# [WHAT IS NEEDED]
Only the lines from the one with "Indendørs byder sommerhuset" through the end of the material below belong in the reply; transcribe them exactly.

# [RECORDED INFORMATION]
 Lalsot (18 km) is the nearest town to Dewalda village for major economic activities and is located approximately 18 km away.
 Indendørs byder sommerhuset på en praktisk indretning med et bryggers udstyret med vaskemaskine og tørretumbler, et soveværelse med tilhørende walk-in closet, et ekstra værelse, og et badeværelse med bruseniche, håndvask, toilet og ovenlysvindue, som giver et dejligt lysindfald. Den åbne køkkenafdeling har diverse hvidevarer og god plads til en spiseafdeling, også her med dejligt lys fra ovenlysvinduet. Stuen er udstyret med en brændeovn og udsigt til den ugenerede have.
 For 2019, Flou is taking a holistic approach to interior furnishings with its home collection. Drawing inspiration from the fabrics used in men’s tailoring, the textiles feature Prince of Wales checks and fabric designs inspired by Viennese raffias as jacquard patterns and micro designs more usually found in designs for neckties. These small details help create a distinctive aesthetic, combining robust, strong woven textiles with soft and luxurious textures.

# [SOLUTION BELOW]
 Indendørs byder sommerhuset på en praktisk indretning med et bryggers udstyret med vaskemaskine og tørretumbler, et soveværelse med tilhørende walk-in closet, et ekstra værelse, og et badeværelse med bruseniche, håndvask, toilet og ovenlysvindue, som giver et dejligt lysindfald. Den åbne køkkenafdeling har diverse hvidevarer og god plads til en spiseafdeling, også her med dejligt lys fra ovenlysvinduet. Stuen er udstyret med en brændeovn og udsigt til den ugenerede have.
 For 2019, Flou is taking a holistic approach to interior furnishings with its home collection. Drawing inspiration from the fabrics used in men’s tailoring, the textiles feature Prince of Wales checks and fabric designs inspired by Viennese raffias as jacquard patterns and micro designs more usually found in designs for neckties. These small details help create a distinctive aesthetic, combining robust, strong woven textiles with soft and luxurious textures.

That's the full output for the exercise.